I’m someone who stares at screens for a living. With work, back-to-back Zoom calls, and late-night scrolling, I was clocking close to 11 hours of screen time daily. This often left me with dry, heavy eyes by mid-afternoon, tension headaches that hit around 3 PM, and a brain fog that required cups of coffee just to get through the second half of the day.
I’d tried blue-light glasses. I’d tried eye drops. I’d even tried reducing screen time (that lasted about four days). Nothing really addressed the root problem.
Then I found out about Klaris, a supplement that calls itself a “Visual Performance Complex.” The brand claims it works from inside the eye rather than just masking the symptoms with external tools. Honestly, I was skeptical. But I decided to give it a proper 30-day test before forming any opinion. This is a review of the product based on my experience.
Klaris is a once-daily eye supplement formulated to improve visual performance, offer protection against high-energy light, and reduce afternoon cognitive fatigue. The brand calls its formula a “neuro-optic” supplement, meaning it targets both the eye and the brain-to-eye nerve connection.
Most eye supplements are made for elderly people dealing with age-related macular degeneration. But Klaris is aimed squarely at people whose eyes suffer from staring at screens every single day.
Klaris is a well-thought-out supplement that goes further than the standard eye vitamin. It pulls from clinical research, uses active-form nutrients to create a modern eye supplement designed for the digital age.
| Rating | 4.6 |
| Who is it for? | Heavy screen users, adults 40+, parents looking for a family-safe option |
| Product range | Single bottle, 3-month supply, subscription |
| Price | From $49 |
| Key ingredients | Lutein, Zeaxanthin, Meso-Zeaxanthin, Astaxanthin, Active B-vitamins |
| Where to buy | klaris.health |
“Neuro-optic” is Klaris’s way of describing a supplement that tackles two things together: your vision and your cognitive performance. The eye and brain are deeply connected, and your visual system uses up to half of your brain’s daily energy. So when your eyes are struggling, your focus and mental clarity take a hit, too.
Most supplements in this space pick one lane. Eye vitamins focus on retinal health. Nootropics focus on brain performance. Klaris balances both, combining carotenoids that protect the macula with active B-vitamins that feed the optic nerve pathway.
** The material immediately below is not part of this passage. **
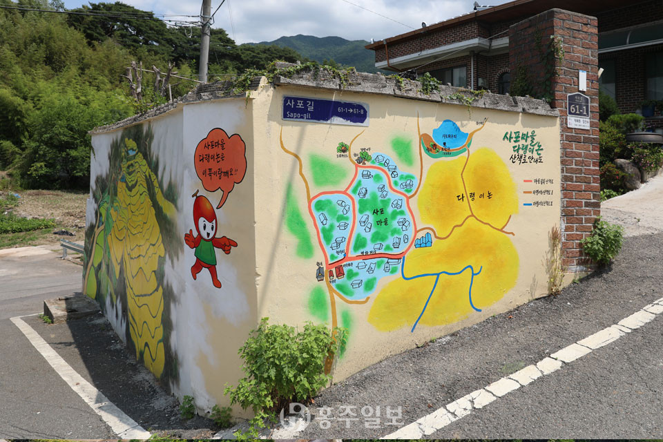 겹겹 층층이 쌓인 생의 의지에 직선은 없는 곳, 오로지 한 뼘의 땅, 한 그릇의 밥을 향한 간절함과 절박함이 낳은 곡선들이 굽이친다. 생의 가파름이 낳은 곡선들이 수많은 계단을 이룬 곳이다. 논 한 배미를 장만하기 위해 고단하고 시린 노동을 감당했던 사람들의 땀과 눈물이 이룬 집체예술이 바로 다랑이논이다. 골프장 건설에 맞서 온 동네 사람들이 뭉쳐 싸웠던 저력을 지닌 사포마을의 다랑이논은 사포저수지 밑으로 해서 300두럭이라 했다. 산골짜기 비탈을 타고 좁고 긴 논배미가 이어진다. 옛날에는 다랭이 수가 훨씬 더 많았는데, 이제는 합배미가 더 많다고 한다. 옛날엔 60호를 훌쩍 넘기던 사포마을은 이제 절반으로 줄었다. 이웃들이 하나둘 떠나간 고향을 떠나지 않고 지키며 살아오노라니 시나브로 땅이 많아졌다는 설명이다.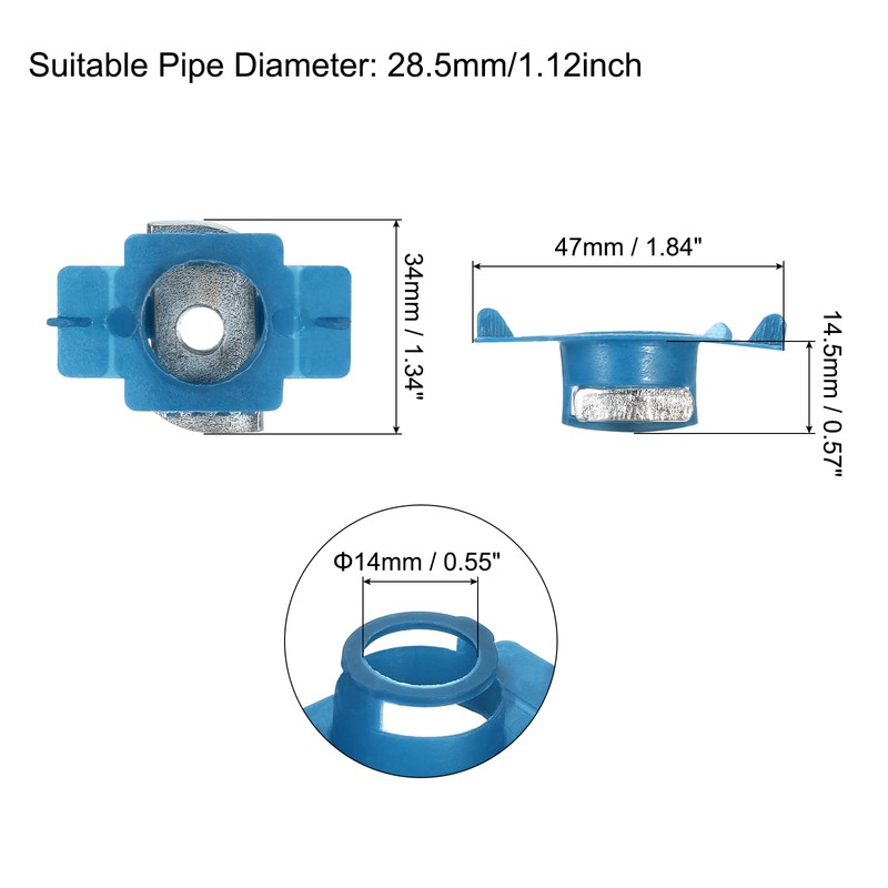 - [Basic Information] The diameter of the nylon strut cone nut hole is 14mm/0.55inch, the suitable pipe diameter is 28.5mm/1.12inch, the total size is 47x34x14.5mm/1.84x1.34x0.57inch (L*W*H), the package includes 30 nylon strut cone nuts, sufficient quantity to meet your needs.

Is it science-backed or just clever marketing? Somewhere in between, but leaning toward the former. The individual ingredients, Lutein, Zeaxanthin, Meso-Zeaxanthin, and Astaxanthin, all have solid research behind them. The “neuro-optic” branding is a bit trendy, but the formula underneath it is grounded in real clinical data.
By early last year, my eye situation had gotten pretty bad. I’d finish a workday feeling like I’d been staring into the sun for hours. My optometrist told me my eyes were healthy, no damage, no issues, but that didn’t explain the constant fatigue, the headaches, or why I needed my monitor dimmed to the lowest brightness setting just to feel comfortable.
I’d read about lutein and zeaxanthin before, mostly in articles about leafy greens and eye health. But I’d never come across something that specifically addressed what screens do to the eyes. When I found Klaris and read about their approach to the eye-brain connection, I felt it was worth a try.
The ordering experience was easy, and the whole checkout process took about five minutes. I went with a single bottle to start, just to test the waters.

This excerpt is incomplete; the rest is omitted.